> [Work to complete]: Your output must reproduce all the records below precisely and contain no pictures.

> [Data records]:
======

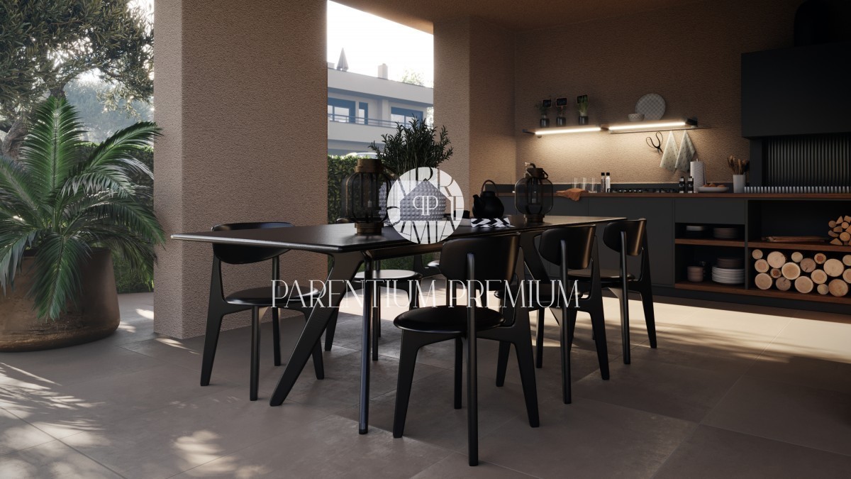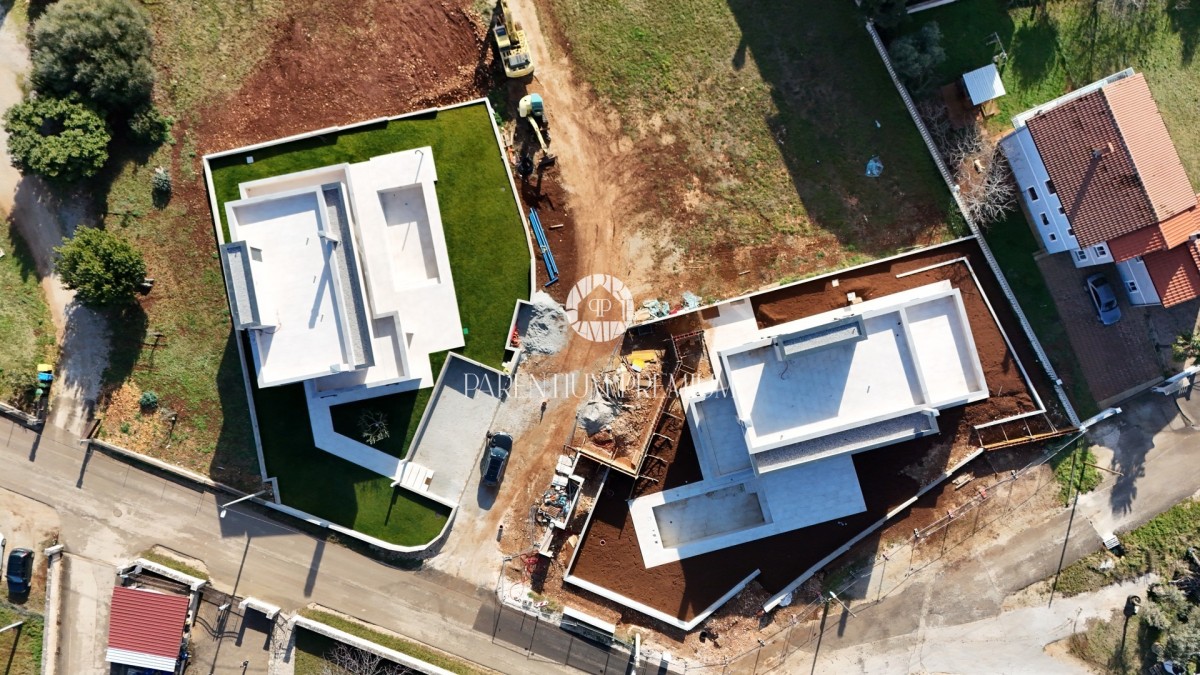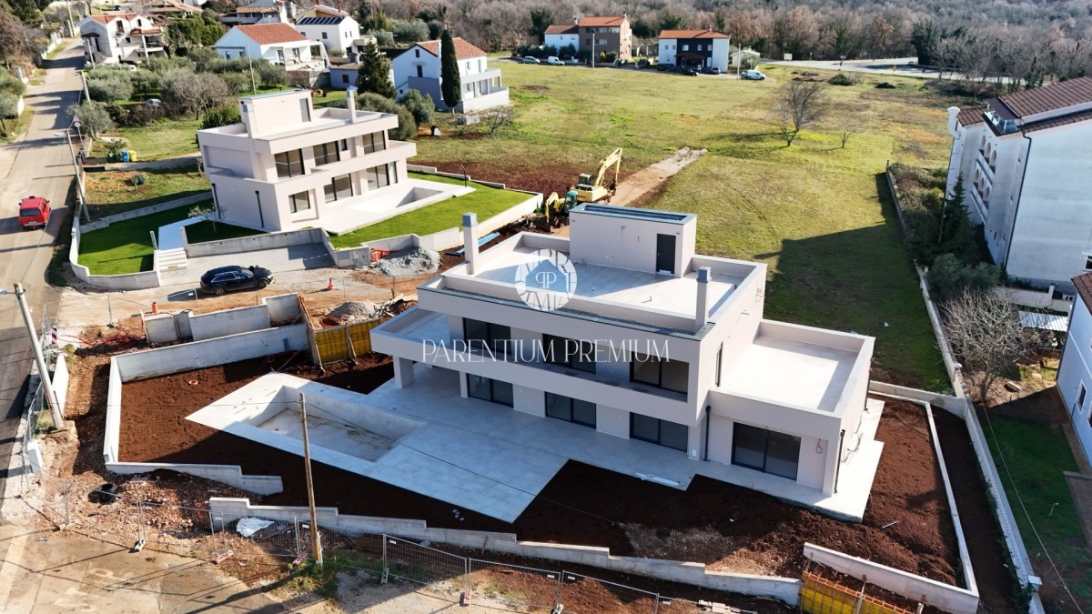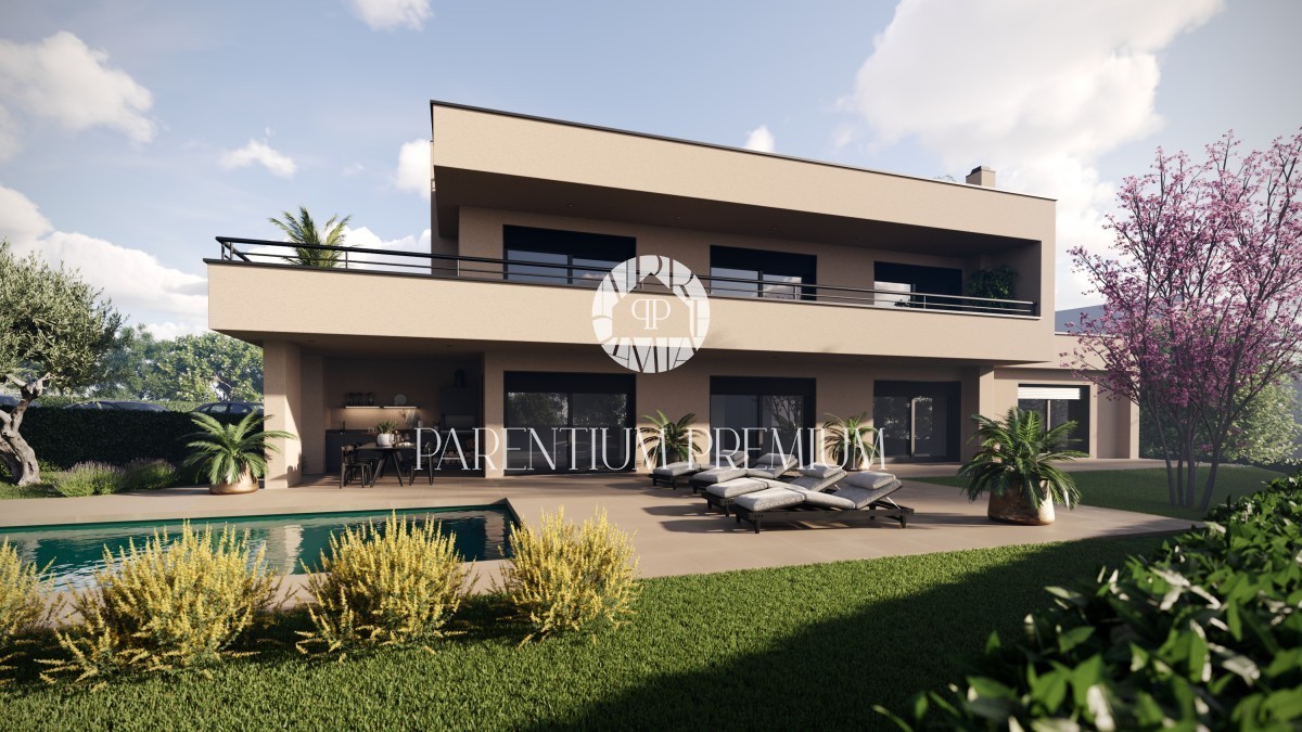 Diese imposante moderne Villa mit Pool von einer Gesamtfläche von bruto 307 m2 ,netto 263,6 m² und einer großen Dachterrasse von 97,1 m² befindet sich an einem Ort mit allen Annehmlichkeiten.
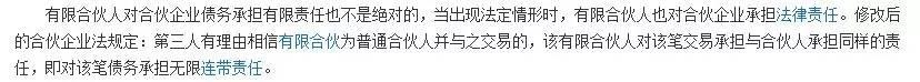 第一章《总则》的第二条是这么规定的,“有限合伙人以其认缴的出资额为限对合伙企业债务承担责任。”同时又规定,“第三人有理由相信有限合伙人为普通合伙人并与之交易的,该有限合伙人对该笔交易承担与合伙人承担同样的责任,即对该笔债务承担无限连带责任。”
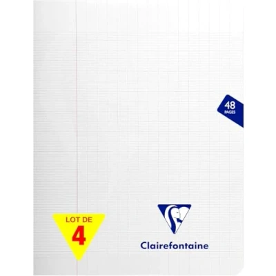 SET OF 4 COLOURLESS NOTEBOOKS: ideal for school lists, schools and communities. SMALL SIZE: school size, easy to store in schoolbag TRANSPARENT POLYPRO COVER: handling-resistant, tear-proof and waterproof. No need for notebook protectors! STITCHED BINDING: the best value for money. Pages are bound together with staples. SMOOTH WRITING: SUPERIOR QUALITY 90 g Clairefontaine White Velvet Vellum paper with remarkable opacity and strength. TRIColour SETTING: red margin, purple lines and blue line spacing, for improved writing comfort. MADE IN FRANCE and PEFC CERTIFIED: for sustainable forest management
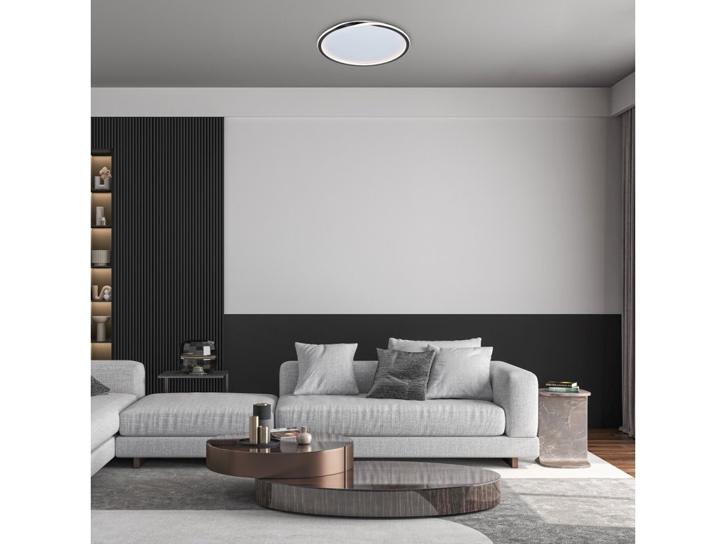 Díky životnosti světelného zdroje 30 000 hodin nabízí svítidlo dlouhodobý a bezúdržbový provoz. S průměrem 560 mm a vzdáleností od stropu 60 mm dokáže efektivně osvětlit i větší místnosti, přičemž jeho elegantní design nenarušuje celkový vzhled interiéru.
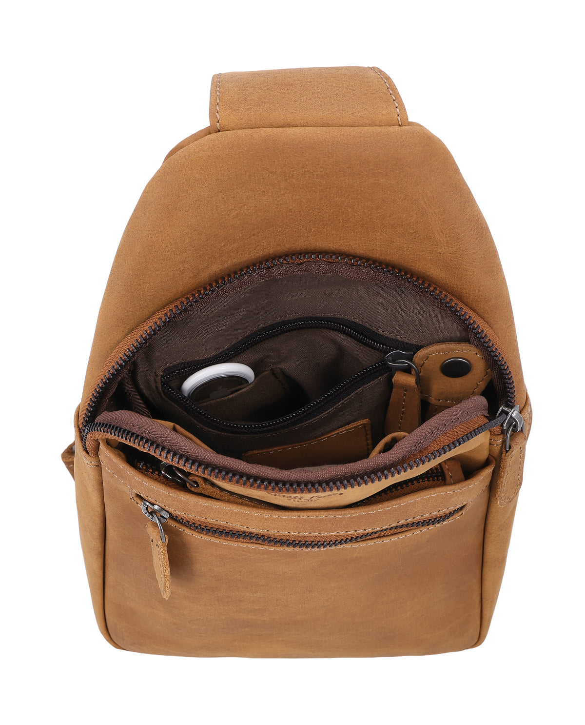 The Azon leather bag is a versatile sling pack for men that easily adapts to your everyday life. Whether worn as a belt bag, across the shoulder, or as a compact shoulder backpack, Azon remains flexible and comfortable no matter how you travel. The brown leather gives the bag a natural, urban look and makes it a reliable companion for city life, travel, or spontaneous adventures. This leather bag combines freedom of movement with a clean, functional design.

======

> [Task result]:
 Diese imposante moderne Villa mit Pool von einer Gesamtfläche von bruto 307 m2 ,netto 263,6 m² und einer großen Dachterrasse von 97,1 m² befindet sich an einem Ort mit allen Annehmlichkeiten.
 第一章《总则》的第二条是这么规定的,“有限合伙人以其认缴的出资额为限对合伙企业债务承担责任。”同时又规定,“第三人有理由相信有限合伙人为普通合伙人并与之交易的,该有限合伙人对该笔交易承担与合伙人承担同样的责任,即对该笔债务承担无限连带责任。”
 SET OF 4 COLOURLESS NOTEBOOKS: ideal for school lists, schools and communities. SMALL SIZE: school size, easy to store in schoolbag TRANSPARENT POLYPRO COVER: handling-resistant, tear-proof and waterproof. No need for notebook protectors! STITCHED BINDING: the best value for money. Pages are bound together with staples. SMOOTH WRITING: SUPERIOR QUALITY 90 g Clairefontaine White Velvet Vellum paper with remarkable opacity and strength. TRIColour SETTING: red margin, purple lines and blue line spacing, for improved writing comfort. MADE IN FRANCE and PEFC CERTIFIED: for sustainable forest management
 Díky životnosti světelného zdroje 30 000 hodin nabízí svítidlo dlouhodobý a bezúdržbový provoz. S průměrem 560 mm a vzdáleností od stropu 60 mm dokáže efektivně osvětlit i větší místnosti, přičemž jeho elegantní design nenarušuje celkový vzhled interiéru.
 The Azon leather bag is a versatile sling pack for men that easily adapts to your everyday life. Whether worn as a belt bag, across the shoulder, or as a compact shoulder backpack, Azon remains flexible and comfortable no matter how you travel. The brown leather gives the bag a natural, urban look and makes it a reliable companion for city life, travel, or spontaneous adventures. This leather bag combines freedom of movement with a clean, functional design.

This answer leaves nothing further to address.